▸ Activity
Go through the data below and repeat it exactly, skipping each picture.

▸ Collected data

----

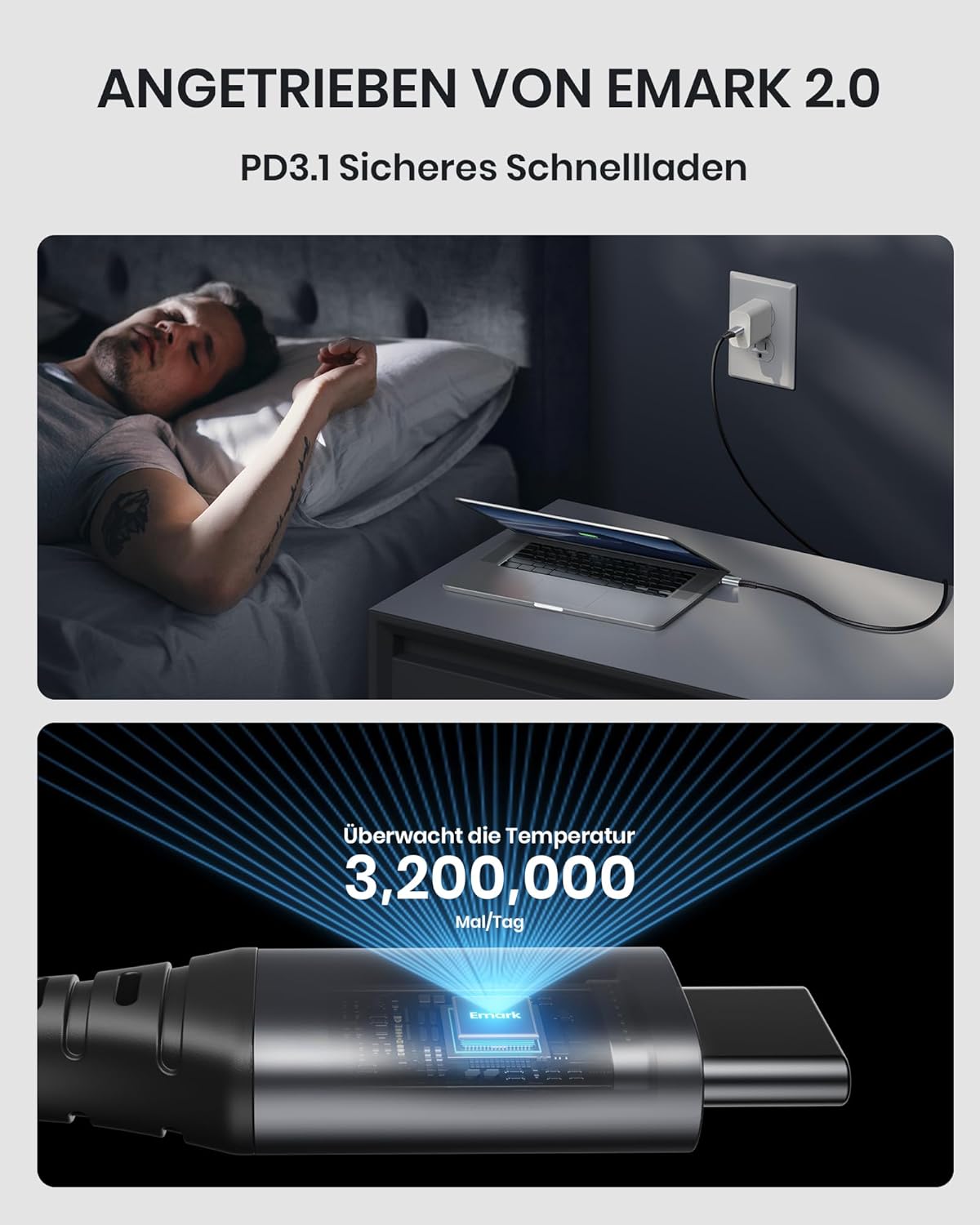 [Fit for All C-Port Devices] Work flawlessly with all existing C-port devices from big to small(240/200/170/140/100/60/18W required)—Laptops, Phones, Tablets, STEAM DECK and Switch, no matter what device you want to charge, it can be done more efficiently.
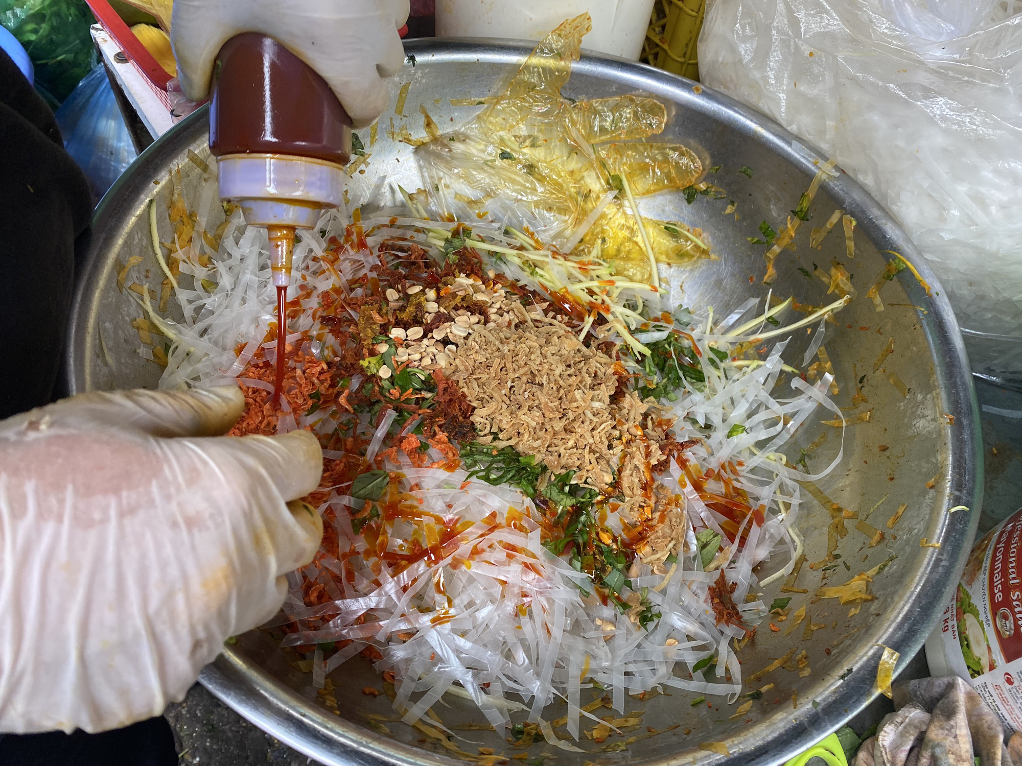 Chị Liên cho biết: “Nguyên liệu rất đơn giản, gồm có bánh đa, hành khô, ngô hạt, tương ớt, rau thơm… Tôi thường sơ chế nguyên liệu từ đêm hôm trước đến sáng dậy có đơn hàng là tôi chuẩn bị cho khách. Do có bà ngoại hỗ trợ nên sự vất vả cũng không đáng kể”.
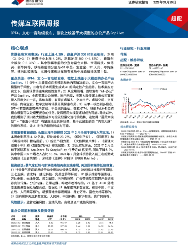 【国信证券】【20230320】GPT4、文心一言陆续发布,微软上线基于大模型的办公产品Copilot-26页 行业研究
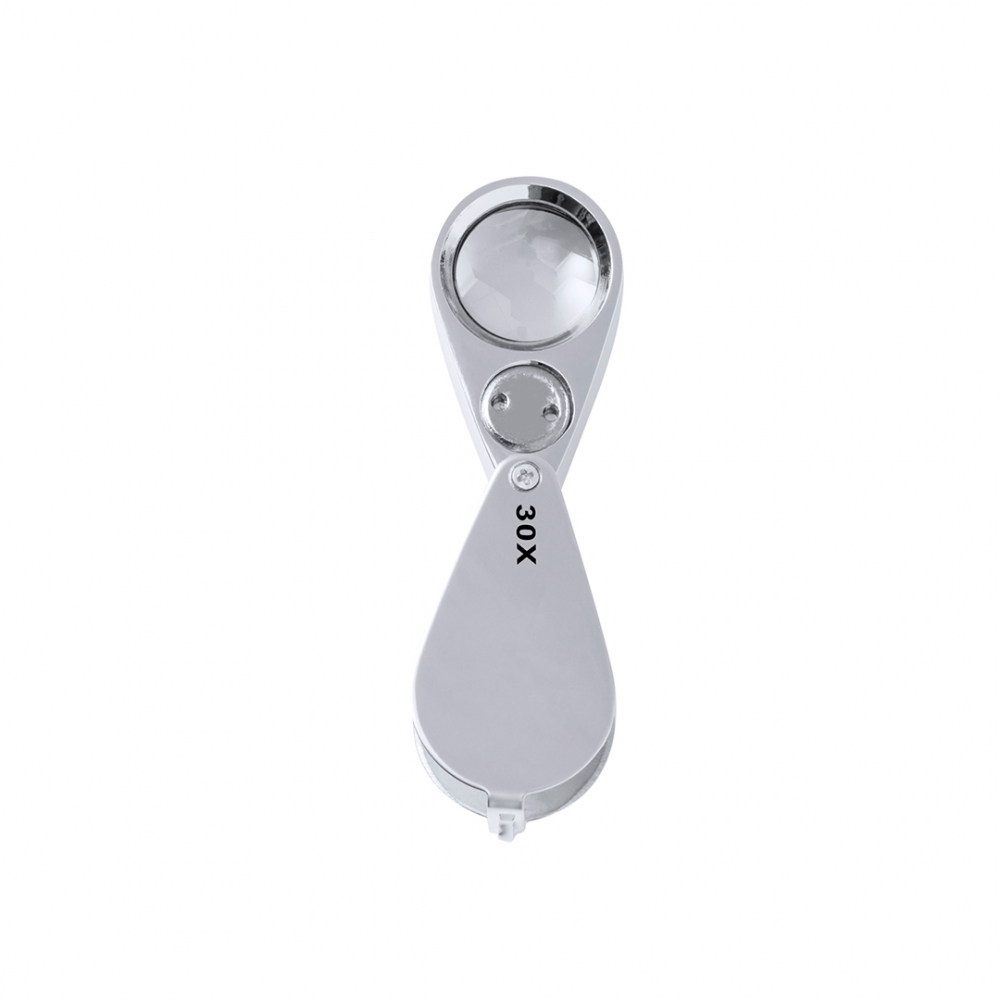lupa plegable con aumento 30x fabricada en resistente metal. con luces led integradas y gran potencia de aumento para obtener una visión muy cercana de los detalles más pequeños, con ampliación sin distorsión. ideal para inspeccionar objetos de tamaño reducido, textos, etc. además, tiene un accesorio para colgar, y viene dentro de un estuche con interior acolchado para una mayor protección. alimentación a pilas (de botón incluidas), con llave especial para reemplazarlas cuando se agoten. presentada en caja de cartón negra.

----

▸ Exercise result
 [Fit for All C-Port Devices] Work flawlessly with all existing C-port devices from big to small(240/200/170/140/100/60/18W required)—Laptops, Phones, Tablets, STEAM DECK and Switch, no matter what device you want to charge, it can be done more efficiently.
 Chị Liên cho biết: “Nguyên liệu rất đơn giản, gồm có bánh đa, hành khô, ngô hạt, tương ớt, rau thơm… Tôi thường sơ chế nguyên liệu từ đêm hôm trước đến sáng dậy có đơn hàng là tôi chuẩn bị cho khách. Do có bà ngoại hỗ trợ nên sự vất vả cũng không đáng kể”.
 【国信证券】【20230320】GPT4、文心一言陆续发布,微软上线基于大模型的办公产品Copilot-26页 行业研究
lupa plegable con aumento 30x fabricada en resistente metal. con luces led integradas y gran potencia de aumento para obtener una visión muy cercana de los detalles más pequeños, con ampliación sin distorsión. ideal para inspeccionar objetos de tamaño reducido, textos, etc. además, tiene un accesorio para colgar, y viene dentro de un estuche con interior acolchado para una mayor protección. alimentación a pilas (de botón incluidas), con llave especial para reemplazarlas cuando se agoten. presentada en caja de cartón negra.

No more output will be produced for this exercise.